Училась она старательно на «отлично», но при этом почти постоянно укрывалась в особую застенчивость и в «первыя отличницы» не рвалась (в «первыя красавицы» - тоже:). Помнится, в классе шестом мы писали по русскому языку сочинение – продолжение разсказа из учебника про мальчика, который обменял у одноклассника новую штуковину, ни то фонарик, ни то ножик, на живую птичку и отпустил ее на волю. Наталья оказалась единственной из всех, кто угадал, чего стоило ему решиться на этот обмен. И это было неожиданно, словно вспышка молнии в тихую звездную ночь: правильно решить задачу по математике или физике для девчонки в сущности дело простое, для этого достаточно выучить нужныя формулы, а вот просчитать ситуацию – тут уж одной зубрежкой не обойдешься. Но эта молния вспыхнула только раз, и потом все в той же густой ночи беззвучно мерцали серебристыя искорки звезд.
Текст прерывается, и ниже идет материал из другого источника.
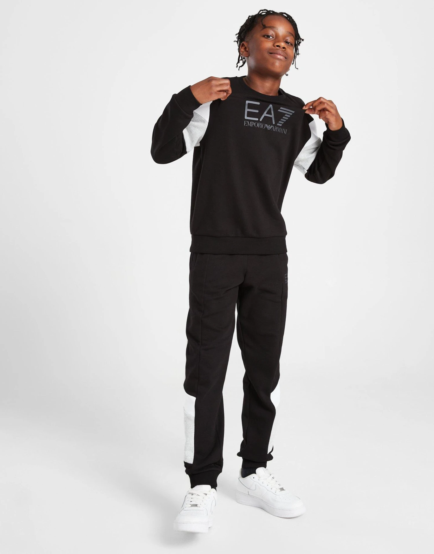 Sentez-vous premium lorsque vous superposez dans ce sweat Colour Block Crew pour juniors d’Emporio Armani EA7. Dans un coloris noir avec des panneaux gris et blancs, ce pull de coupe standard est fabriqué à partir de coton super doux pour un confort moelleux. Doté d’une encolure ras du cou et de bordures côtelées pour une coupe classique, il est orné de la marque EA7 ton sur ton imprimée sur la poitrine. Lavable en machine.
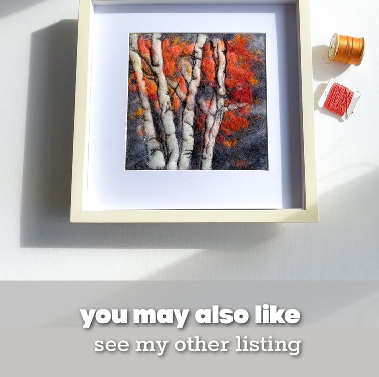 I’ve used fine wool fibres, fabric, silk along with metallic thread. The piece combines felting, appliqué, and hand stitching to create texture and depth.It’s finished with free motion stitching a favourite technique, which lets me “draw” with my sewing machine.
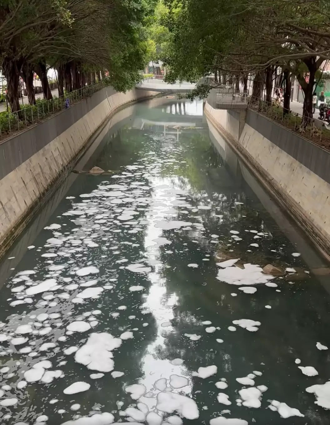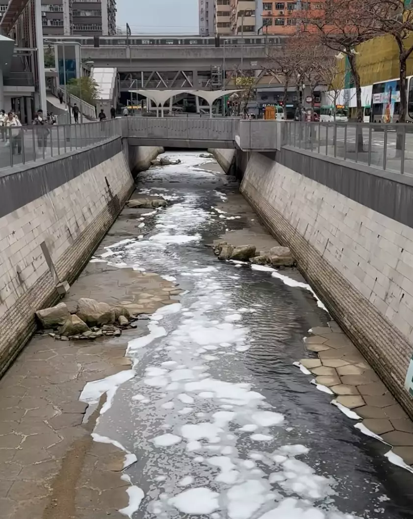 網上流傳一段影片,觀塘明渠翠屏河突然變成「泡泡河」,引發熱議。環保署回應傳媒查詢時表示,下午接獲報告後已立即展開調查。
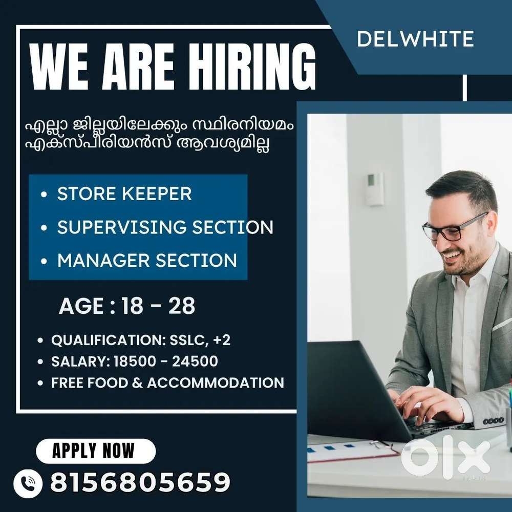 - ₹ 21000 - 25000 | MonthlyCONFIDENCE OUTLET VACANCYCherthala Municipal Town, Cherthala2 days ago
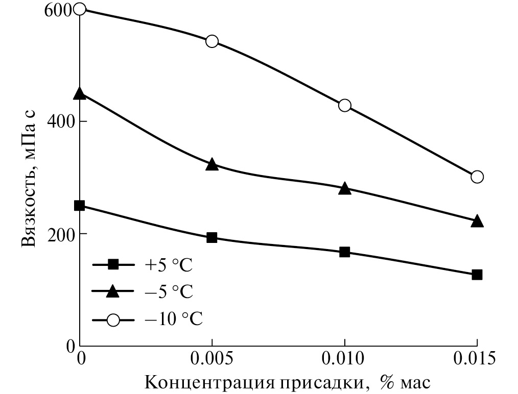 Присадка, введенная в нефть в концентрации 0.005 мас. %, снижает вязкость нефти на 23, 28 и 10% при температурах +5, −5 и −10°С соответственно (рис. 2). Увеличение концентрации ПП усиливает депрессорный эффект, причем снижение вязкости более заметно при значительных отрицательных температурах: при минус 10°С вязкость снижается в 2 раза в присутствии 0.015 мас. % ПП.

А на следующий год она ушла из нашей школы в другую, более старую, но более близкую, всего в паре автобусных остановок от ея дома. К тому же в ту школу ходили все ея подруги-соседки, а в нашем классе она дружила «по росту», - держалась самых высоких девчонок. Что же до мальчишек, то мало кто доставал ей головой выше плеча. После ея ухода я перестал ходить в походы с нашей классной руководительницей – она преподавала географию – на Северо-Восточный перевал, которые прежде очень любил, хотя Наталья не была ни в одном из этих походов. Мне казалось, это прежде всего потому, что сухия горныя тропы через мелколиственные кусты и деревья – не ея стихия. Ей, по-моему, больше всего подходили пляжи за городом, под лесистым склоном, обращенным к открытому морю. Там, в укрытом от норд-оста месте, находится единственная у нас настоящая курортная зона, куда попасть тогда можно было только по путевкам или на своей машине (ну, или в крайнем случае пешком, если не лень пройти восемь километров от конечной остановки автобуса). И поэтому, когда моей бабушке-пенсионерке предложили поработать на одной из баз отдыха кастеляншей летом, я, закончив седьмой класс, практически переселился к ней на эту самую базу, в надежде встретить там Наталью. Но в то лето я смог разве что в первый и в последний раз в жизни побывать футбольным болельщиком (и даже проиграть две бутылки пепси-колы в споре за полуфинал чемпионата мiра), поплавать в штормовую волну, и всерьез принялся за изучение французского, осознав за учебником, что три года подряд я только хвастался тем, что учу его сам. Сколько бы я ни бродил по базам отдыха и по берегу, Наталью не видел нигде. Кстати, безумство, о котором я обещал разсказать и разскажу сейчас, произошло за год до того.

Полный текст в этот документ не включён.